Are these inanimate objects communicating some hidden desire to me to those who will listen? I often wonder.
In the beginning of pages of a book a woman in my cohort at Prescott College recommended to me, the author speaks of our species as living testaments to stories across time—painful memories, hidden histories, dark, family secrets. We inherit this legacy and pass it on from one generation to the next.
I am Jewish. Arguments with my mother when I was growing up over one’s choice to be Jewish versus the genetic material passed on from Jewish mother to daughter ended in screaming and door slamming.
Genetics seem to have won out, as I really must be Jewish. With this awareness and acceptance, I still feel little connection to the religion and traditions and an absence of desire to fulfill my Jewish heritage responsibilities by meeting and marrying a single, Jewish doctor and producing matrilineally authentic Jewish progeny. I don’t celebrate Jewish holidays. The strongest connection I feel to the line of people who walked this earth before me with similar genetic makeup is the deep sadness and emotional intensity I have always felt for music that carries a minor melody.
Mah Tovu was a song that resonated somewhere deep within my soul when I heard it in temple as a child. Perhaps, in this song I feel the pain from family members lost, holocaust, people uprooted from their homes over great expanses of time and place.
Is there a connection with these hidden histories and my affinity and need to feel tangible relics from the earth?
Rocks carry secrets. They travel.
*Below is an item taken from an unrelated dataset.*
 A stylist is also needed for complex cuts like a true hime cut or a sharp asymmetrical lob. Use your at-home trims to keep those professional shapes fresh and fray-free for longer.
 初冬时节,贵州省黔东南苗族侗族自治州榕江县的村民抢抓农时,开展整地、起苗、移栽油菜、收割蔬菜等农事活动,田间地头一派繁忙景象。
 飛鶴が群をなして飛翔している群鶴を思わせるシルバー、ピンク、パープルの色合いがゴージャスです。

I can only imagine what the stones that sit upon my shelves and tables have witnessed over time and where they will go when I am no longer their keeper.
I draw strength and wisdom from their presence. I also feel relief at having nature so close within the confines of an industrial city.
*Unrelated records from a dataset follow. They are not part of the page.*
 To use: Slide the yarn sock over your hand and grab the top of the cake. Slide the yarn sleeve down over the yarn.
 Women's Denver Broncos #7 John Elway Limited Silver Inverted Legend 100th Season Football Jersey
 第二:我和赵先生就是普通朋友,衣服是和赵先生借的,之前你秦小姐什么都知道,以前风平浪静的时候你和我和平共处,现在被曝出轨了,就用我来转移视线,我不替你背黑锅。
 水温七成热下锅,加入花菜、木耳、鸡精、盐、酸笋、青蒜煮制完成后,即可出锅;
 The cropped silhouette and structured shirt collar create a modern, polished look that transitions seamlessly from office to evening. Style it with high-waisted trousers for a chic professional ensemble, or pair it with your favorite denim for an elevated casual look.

For me, they are very much alive, if only I could speak their language and draw out their many stories.
Perhaps, I was a stone in another life or will be in the next. In this lifetime, however, I must be content to be human in their company.
Hello Ranger Marieke. I enjoyed reading your blog post very much, and I also really liked the thoughts on writing that you shared on your ‘about this blog’ page – I agree with your views, and have also found the process of wriitng and sharing on my own blog quite enjoyable and affirming. I work in interpretation in national parks in Queensland, Australia, and while I’m mostly desk-bound, share your enthusiasm for communicating with people about the natural world. I lLook forward to more of your writing, and will delev back into your past posts when I get some more time. All the best from Toowoomba, Australia, Rob.
Hi Ranger Robert!
Thank you so much for your kind words. I always wonder where my writing travels in the virtual world, and how amazing for it to journey to another park ranger! I took a gander at your blog. Your photos are beautiful! I will be excited to spend more time exploring your posts.
Thanks for reaching out 🙂
ranger m
I’ve had similar experiences in collecting small natural objects from places I’ve hiked and bringing them into my home and giving them a special place, for me, captures that moment, that habitat, that interconnection with nature and keeps it close to me and my daily life. I think we’re kindred spirits. I liked your post on water too. There’s something sacred about it–the stuff of life. Thanks for sharing your thoughts with all of us out here in the virtual world.
I think that the things that we collect, those items from nature that we are attracted to, somehow hold us grounded to our foundation, Gaia. This was a pretty good essay that I’m sure made many think about what it is that we hold dearly. Thank you.